Наезд

                Говоря о Боге, в лучшем случае мы умолкаем.


На возвышенном месте у реки возник некоторое время тому назад православный храм во имя целителя и мученика. Несмотря на возвышенность, место оказалось водянистым. Подземные воды однажды вошли в храм снизу, из-под пола, и подтопили дом веры. Пришлось епархии проводить дренажные работы и подсыпку. Река рядом и лес, а это для церкви не самые надёжные соседи, с давних времён, языческих ещё.
Строили как бы на пожертвования: билборды с призывом жертвовать стояли по всему району. Однако, из кулуаров просочилась неблаголепная информация, что якобы мало откликнулись на эти призывы, а денег дала только одна благотворительница – да и та петербурженка в настоящий момент жизни.
Таким образом ещё раз подтвердилось известное наблюдение, что мужик произносит имя Божье, почёсывая свою задницу. И это бы ничего, и с этим мог бы смириться Дух, но лишь при условии, что другая рука достаёт кошелёк из кармана.
А так, строительство затянулось на годы. Не обыденный храм, что говорить. Зато, церковь вышла как игрушка: светлая, яркая – пряничная. Приятно посмотреть. В обычный день муравьиная цепочка к храму скудна. Куда охотнее тянутся к муравейнику чувственных удовольствий: капище мамоны о многих этажах – вот оно, в пяти минутах хода.
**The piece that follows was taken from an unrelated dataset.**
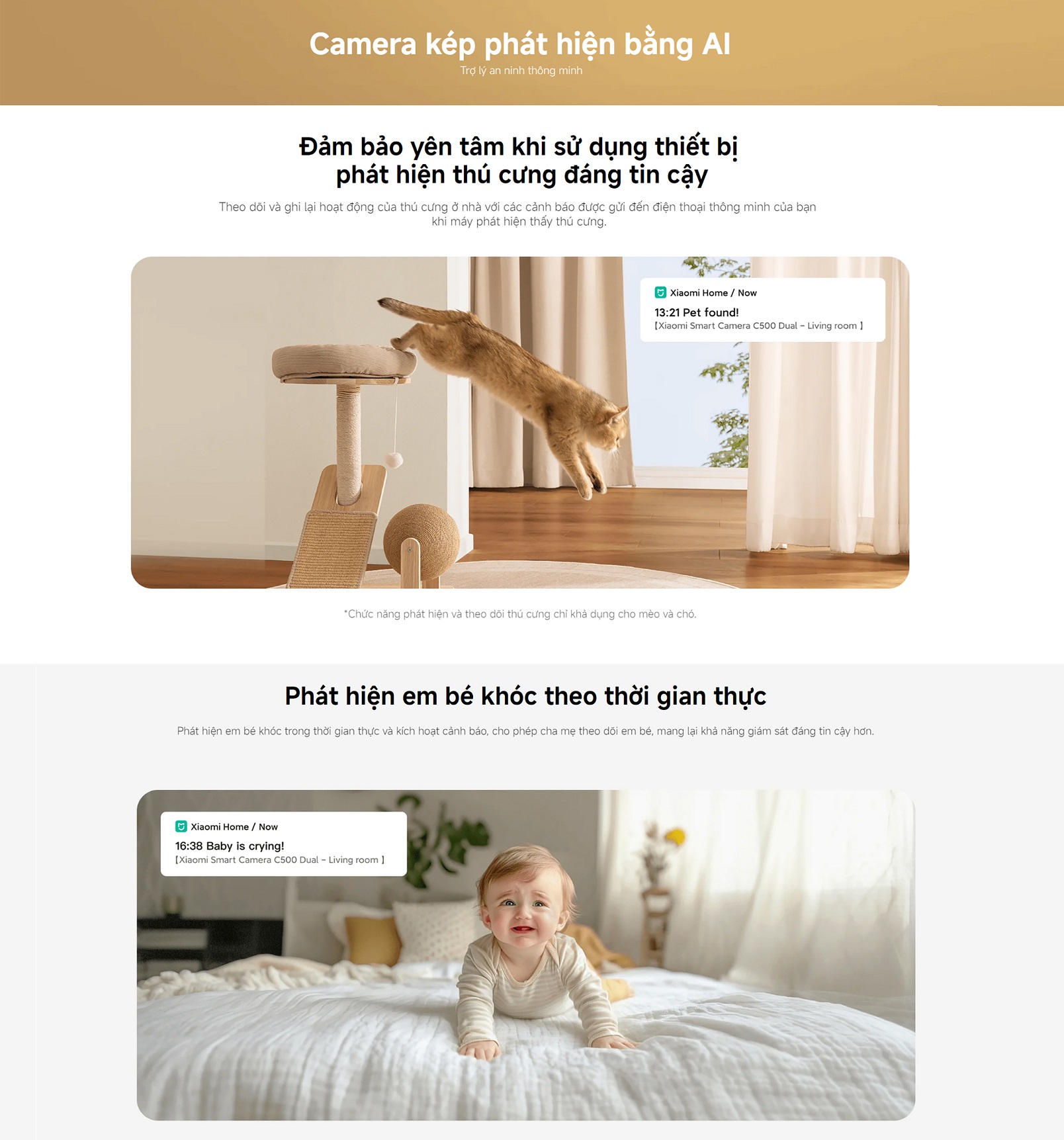 ✨Camera Kép Xiaomi Smart Camera C500 Dual EU - Nhận Diện Thú Cưng - Phát Hiện Tiếng Khóc Em Bé - Hàng Chính Hãng
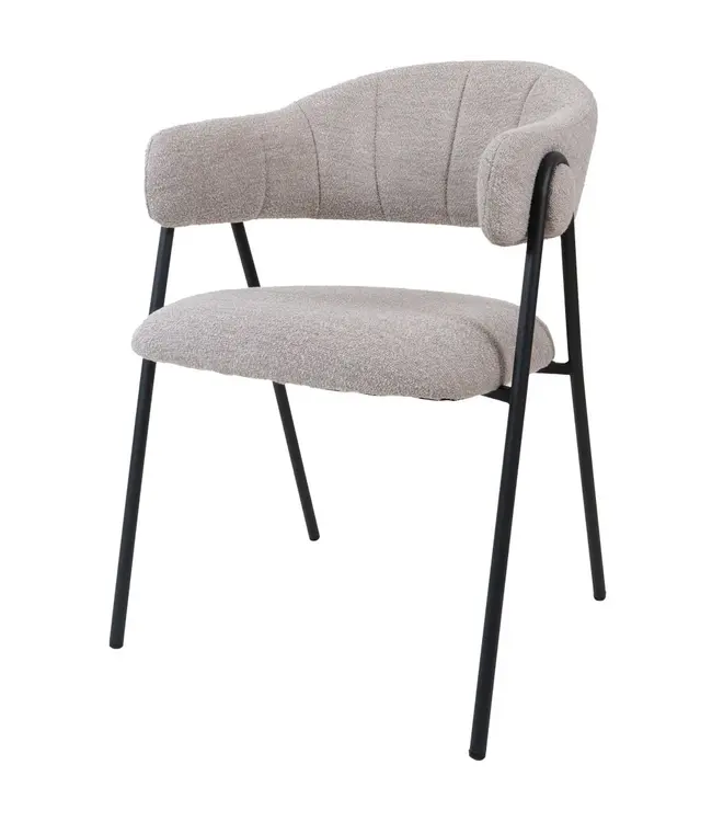 De prachtige Eetkamerstoel Lio maakt zéker een statement in jouw eethoek met zijn unieke uiterlijk. De stoel is bekleed met een zachte boucle stof, waardoor de stoel een luxe uitstraling heeft.

Полнотелые школьницы и бабульки, пойманные в сетку морщин, кеды Converse на босу ногу и кожаная обувь от Rieker, вдумчивый философ-надомник и любитель блинов по пятнадцать рублей штука, если простые, – все тянутся туда, на этажи, а потом – обратно. Редко какой отделится от общего потока, чтобы заглянуть под тенистые своды. И когда в праздник суровый клин верных по численности равен воинству плазы, даже и тогда потоки не складываются, а эпизодические взаимные вычитания из одного в пользу другого не меняют общей картины.
И это так и должно быть, если не в "букве", но в "Духе". И всегда казалось, что произносить "Не имамы дерзновения за премногия грехи наша" и, скажем, "Ветерсморяду, ветерсморя ду" – невозможно никак. А нет, можно. Природное болото, проекции Его Тела подлежащее, поднимается и восстаёт, и берёт свою часть.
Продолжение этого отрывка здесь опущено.